Work to be completed ▸
Line by line, give the data again exactly as it appears, but without pictures.

=== Begin Enclosure ===

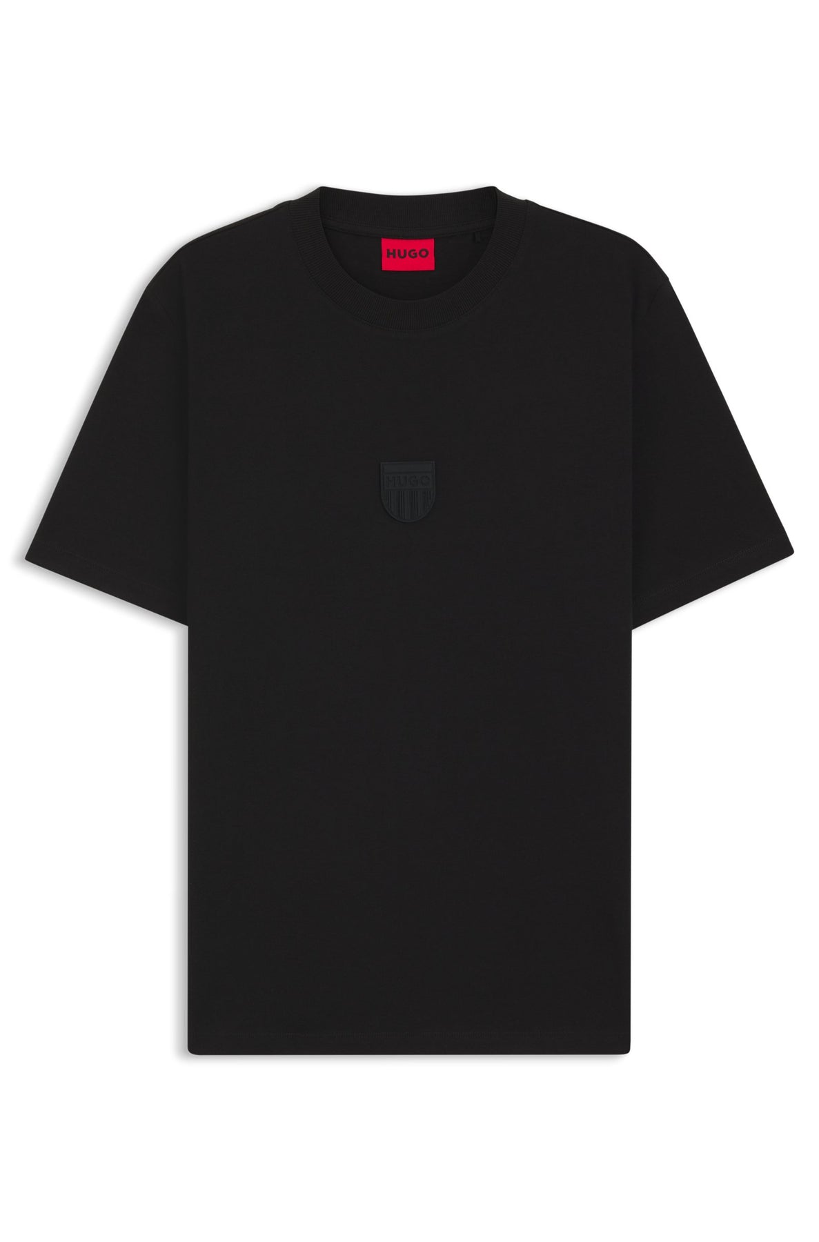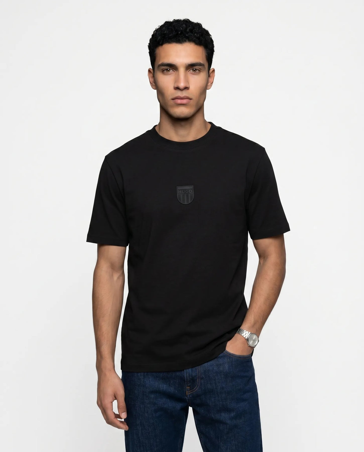 טי-שירט אורבנית ומלאת סטייל מקולקציית HUGO (הוגו בוס), דגם Darvish. עשויה מבד כותנה רך במיוחד המציע נוחות מרבית לאורך שעות. מה שנותן לחולצה הזו את האופי הייחודי שלה הוא לוגו הסיליקון (Rubber-Logo) הבולט בחזית, שמעניק לה טקסטורה מעניינת ומראה תלת-ממדי עכשווי ונועז. גזרתה הישרה מבטיחה מראה מחמיא שיושב מדויק על הגוף. פריט סטייטמנט שמשדרג בשנייה כל הופעת סטריט-וור.
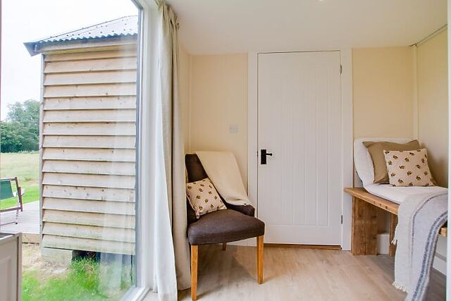 Set amid 10 acres of picturesque land, The Burrow is part of a working cattle and sheep farm. The open-plan lounge, kitchen, and dining area provide a welcoming space to relax. Enjoy the rural views from the Scandi-style sofa and armchair, or step outside through the French doors to the private seating area.
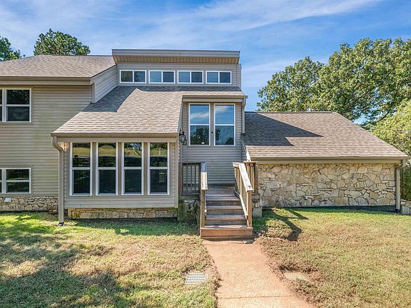Come and see this exceptional 3 bedroom, 2.5 bathroom home located on a quiet 1.5 acres in highly sought after WhitehouseISD. Striking mid-century modern architecture adds depth and character while maintaining a cozy, inviting atmosphere. Large windows expand across the back of the home, offering a serene view of the surrounding woods and enhance the organic features found throughout the home. Soaring vaulted ceilings bring an open airy feeling and highlight the stone fireplace and wood-planked walls while further connecting the interior with the natural surroundings. Built-in cabinets keep the laundry room organized and provide enough space for any surplus pantry items. The kitchen features stainless appliances, ample counter space with additional room for barstool seating, and conveniently opens to the dining area for large family gatherings. Entertain outdoors on the huge covered porch or spend quiet peaceful evenings watching the wildlife from the privacy of your lush, wooded backyard. The spacious primary bedroom is located on the main floor, with a walk-in closet, jetted bathtub, vaulted ceilings, an office nook and enough space for additional bedroom furniture or a sitting area. Floor-to-ceiling windows bring in natural light and a sliding door offers private access to the back porch. Upstairs there are two freshly painted guest rooms with large closets, brand new LVP flooring and a bathroom with dual vanities. The loft area overlooks the great room ensuring that the entire space feels open. A 2 car side-entry garage is equipped with a functioning workstation and storage cabinets. Keep lawn care equipment easily accessible in the attached storage room and always have space to park your cars. Don’t miss the opportunity to make this home yours!
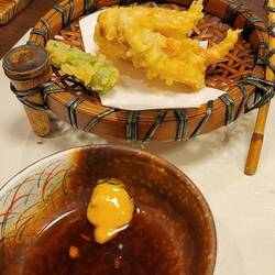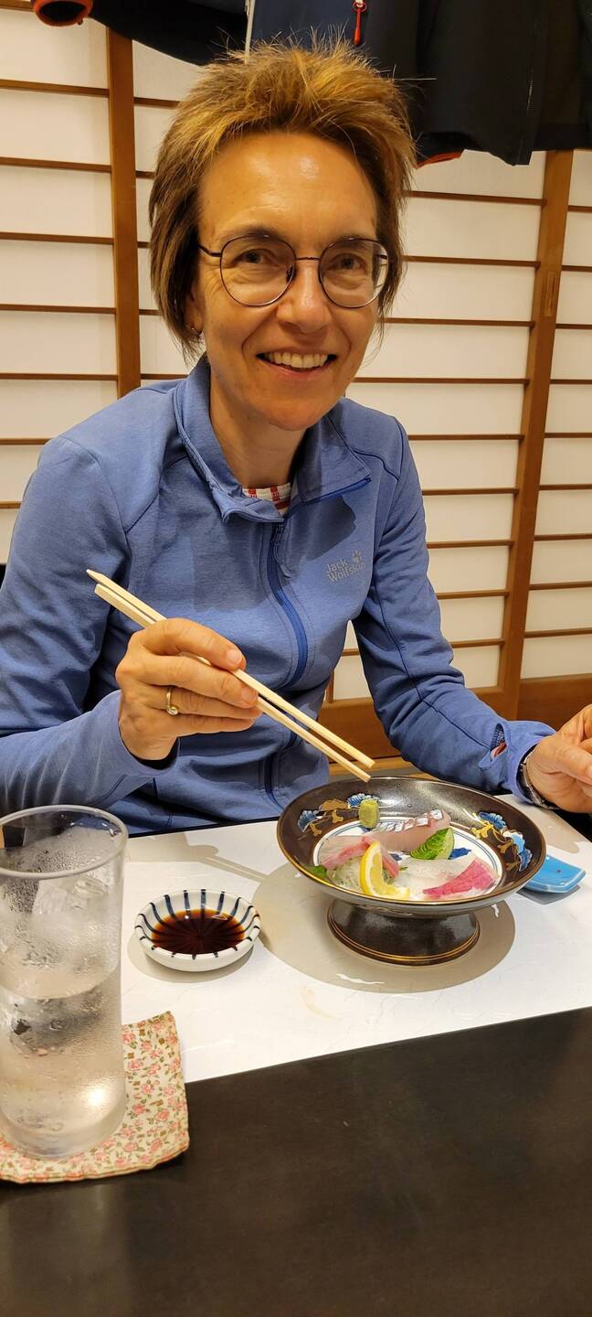 Einmal mehr geniessen wir einen feinen Z'Nacht in einem typischen japanischen Restaurant. Wir haben für uns zwei ein eigenes Zimmer und sitzen auf Tatami-Matten. Diesesmal ist es aber ein bisschenLeggi altro
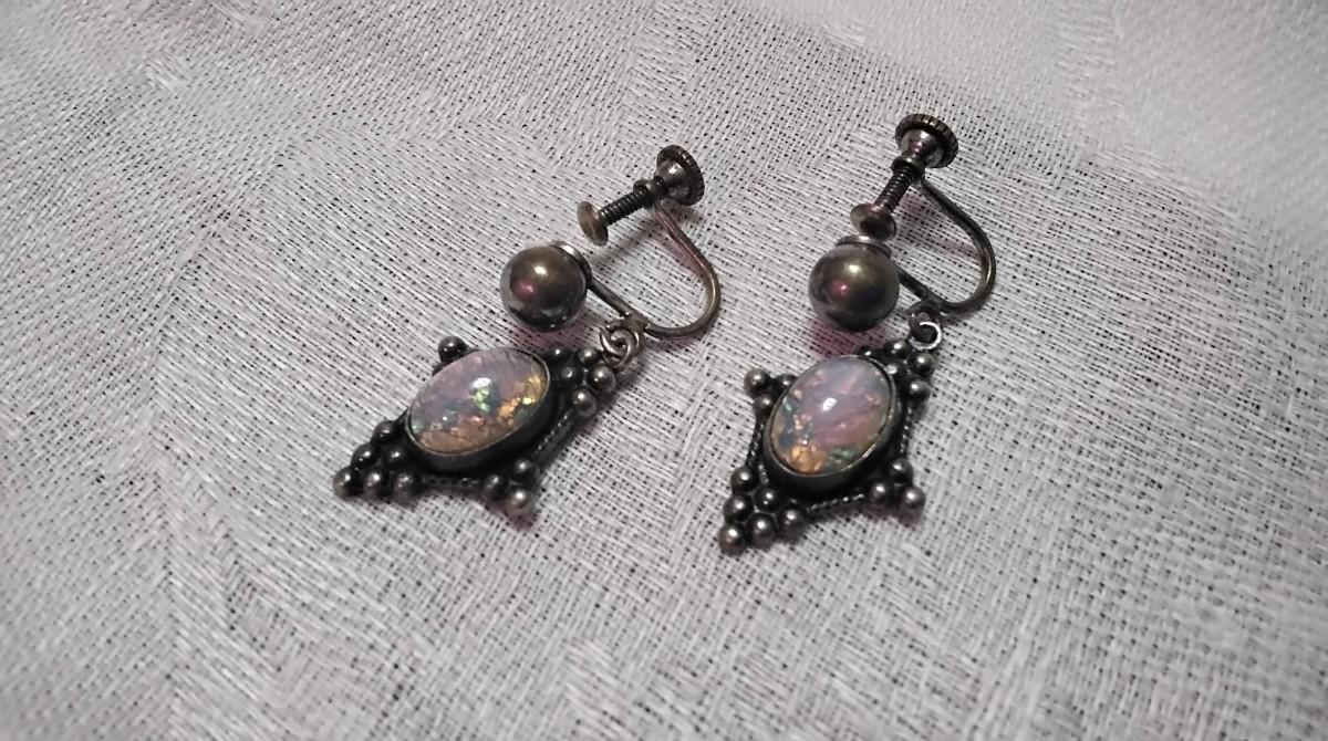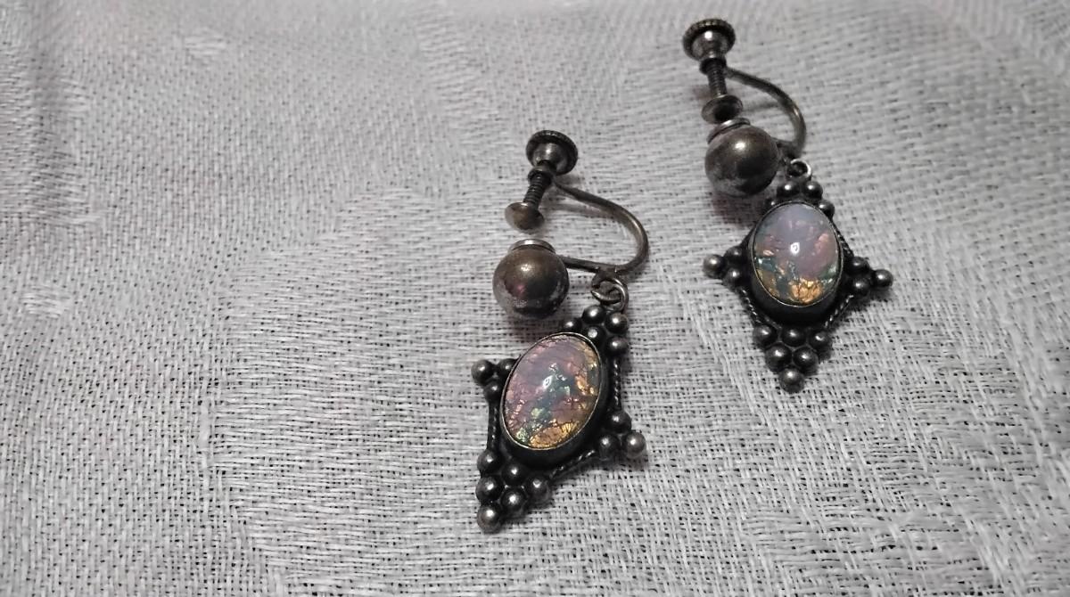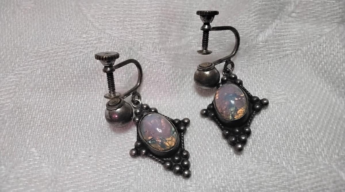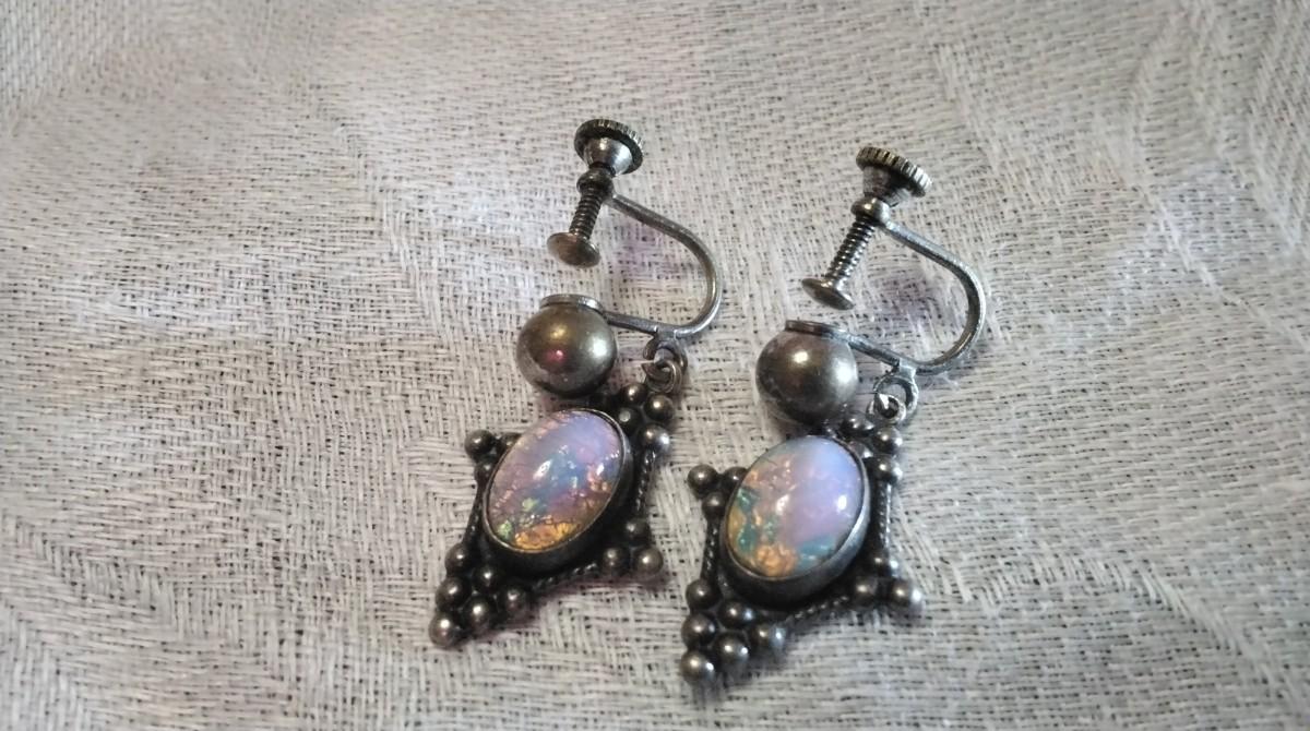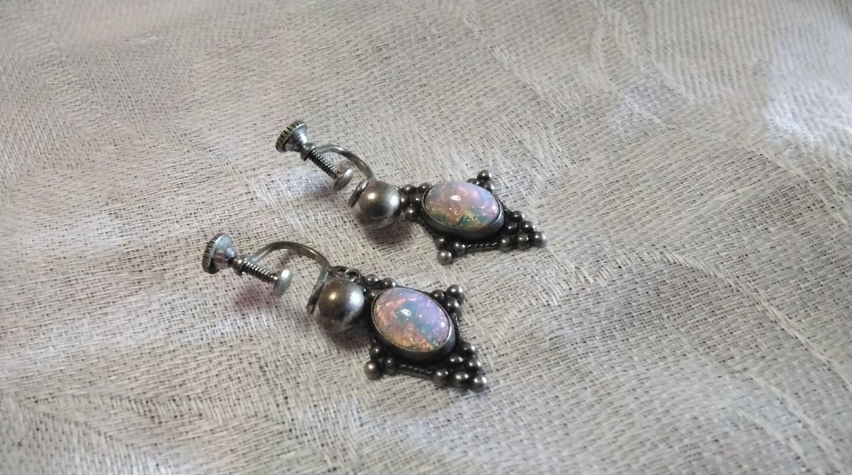 Antique Most Gorgeous Opals Ever Screwback 925 Earrings

=== End Enclosure ===

Result for this task ▸
 טי-שירט אורבנית ומלאת סטייל מקולקציית HUGO (הוגו בוס), דגם Darvish. עשויה מבד כותנה רך במיוחד המציע נוחות מרבית לאורך שעות. מה שנותן לחולצה הזו את האופי הייחודי שלה הוא לוגו הסיליקון (Rubber-Logo) הבולט בחזית, שמעניק לה טקסטורה מעניינת ומראה תלת-ממדי עכשווי ונועז. גזרתה הישרה מבטיחה מראה מחמיא שיושב מדויק על הגוף. פריט סטייטמנט שמשדרג בשנייה כל הופעת סטריט-וור.
 Set amid 10 acres of picturesque land, The Burrow is part of a working cattle and sheep farm. The open-plan lounge, kitchen, and dining area provide a welcoming space to relax. Enjoy the rural views from the Scandi-style sofa and armchair, or step outside through the French doors to the private seating area.
Come and see this exceptional 3 bedroom, 2.5 bathroom home located on a quiet 1.5 acres in highly sought after WhitehouseISD. Striking mid-century modern architecture adds depth and character while maintaining a cozy, inviting atmosphere. Large windows expand across the back of the home, offering a serene view of the surrounding woods and enhance the organic features found throughout the home. Soaring vaulted ceilings bring an open airy feeling and highlight the stone fireplace and wood-planked walls while further connecting the interior with the natural surroundings. Built-in cabinets keep the laundry room organized and provide enough space for any surplus pantry items. The kitchen features stainless appliances, ample counter space with additional room for barstool seating, and conveniently opens to the dining area for large family gatherings. Entertain outdoors on the huge covered porch or spend quiet peaceful evenings watching the wildlife from the privacy of your lush, wooded backyard. The spacious primary bedroom is located on the main floor, with a walk-in closet, jetted bathtub, vaulted ceilings, an office nook and enough space for additional bedroom furniture or a sitting area. Floor-to-ceiling windows bring in natural light and a sliding door offers private access to the back porch. Upstairs there are two freshly painted guest rooms with large closets, brand new LVP flooring and a bathroom with dual vanities. The loft area overlooks the great room ensuring that the entire space feels open. A 2 car side-entry garage is equipped with a functioning workstation and storage cabinets. Keep lawn care equipment easily accessible in the attached storage room and always have space to park your cars. Don’t miss the opportunity to make this home yours!
 Einmal mehr geniessen wir einen feinen Z'Nacht in einem typischen japanischen Restaurant. Wir haben für uns zwei ein eigenes Zimmer und sitzen auf Tatami-Matten. Diesesmal ist es aber ein bisschenLeggi altro
 Antique Most Gorgeous Opals Ever Screwback 925 Earrings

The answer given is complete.